Leider wurde der Zeichenstil des Cover-Motivs nicht beibehalten. Die kleinen Illustrationen stammen aus dem Rechner, dabei sind die Details recht winzig ausgefallen. Die Piktogramme mit den Gebäudefunktionen erschließen sich nach wenigen Runden – die vierseitige Beschreibung ist dabei sehr hilfreich. Auch die eigentliche Anleitung macht das Regelverständnis durch zahlreiche Beispiele einfach.
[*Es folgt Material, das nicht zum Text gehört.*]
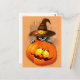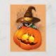 Carte Postale Halloween Kitty Witch and Pumkin Friend Postcard
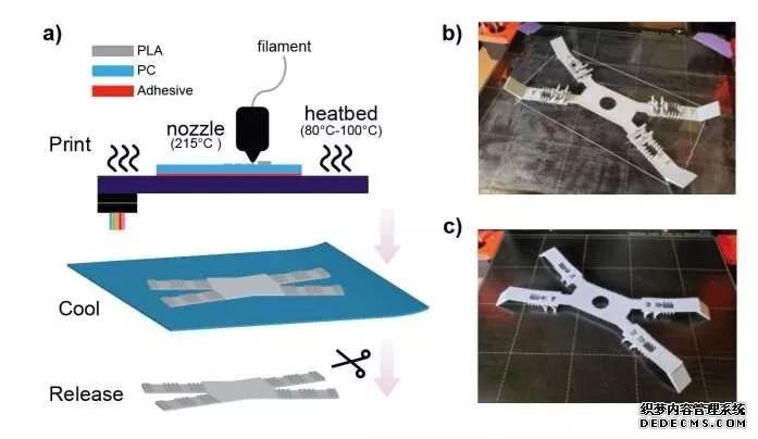 a)解释研究人员介绍的打印过程如何工作的图。b)在透明PC层上打印后立即使用研究人员的方法创建的四足机器人。c)从PC层释放后的四足机器人。来源:江,周

Ein besonderes Lob verdient das Kunststoff-Inlay der Spielschachtel. Alle Komponenten finden hier ihren sicheren Platz – es bleibt sogar noch Raum für etwaige Erweiterungen.
Auf der Homepage von Abacusspiele gibt es neben weiteren Informationen zum Spiel auch die Anleitung als Download.

Planer und Strategen werden sich in der City of Rome wohlfühlen. Einfache, elegante Mechanismen, viele Taktiken und eine ordentliche Lernkurve machen das Spiel auch für Vielspieler interessant.